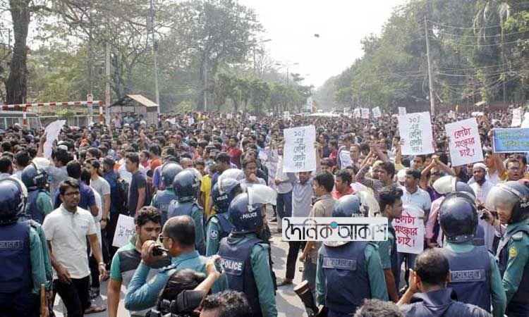 কোটা সংস্কারের দাবিতে শাহবাগে সড়ক অবরোধ করে বিক্ষোভ
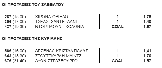 Δύο φαβορί και 1 Goal ξεχώρισα και από το αυριανό κουπόνι. Η Άρσεναλ ανέβηκε στην κορυφή της βαθμολογίας και θέλει να παραμείνει. Πιστεύω ότι θα κερδίσει την Κρίσταλ Πάλας η οποία δείχνει σημάδια κάμψης. Στα 2 τελευταία παιχνίδια της για το πρωτάθλημα ηττήθηκε με 2-1 από την Έβερτον και παραχώρησε ισοπαλία με 3-3 στην Μπόρνμουθ. Την Πέμπτη γνώρισε την ήττα με 0-1 στο Conference League από την ΑΕΚ Λάρνακας. Ο «άσος» της Άρσεναλ είναι από τα στηρίγματα του κουπονιού.
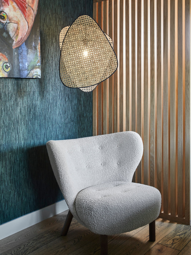 1-light suspension with painted metal structure, 2 cane screens. Equipped with a textile cord and an adaptable DCL metal roof.

» **Try it**
The result should be the material above, unchanged and free of pictures; please print it.

» **Output for this task**
 কোটা সংস্কারের দাবিতে শাহবাগে সড়ক অবরোধ করে বিক্ষোভ
 Δύο φαβορί και 1 Goal ξεχώρισα και από το αυριανό κουπόνι. Η Άρσεναλ ανέβηκε στην κορυφή της βαθμολογίας και θέλει να παραμείνει. Πιστεύω ότι θα κερδίσει την Κρίσταλ Πάλας η οποία δείχνει σημάδια κάμψης. Στα 2 τελευταία παιχνίδια της για το πρωτάθλημα ηττήθηκε με 2-1 από την Έβερτον και παραχώρησε ισοπαλία με 3-3 στην Μπόρνμουθ. Την Πέμπτη γνώρισε την ήττα με 0-1 στο Conference League από την ΑΕΚ Λάρνακας. Ο «άσος» της Άρσεναλ είναι από τα στηρίγματα του κουπονιού.
 1-light suspension with painted metal structure, 2 cane screens. Equipped with a textile cord and an adaptable DCL metal roof.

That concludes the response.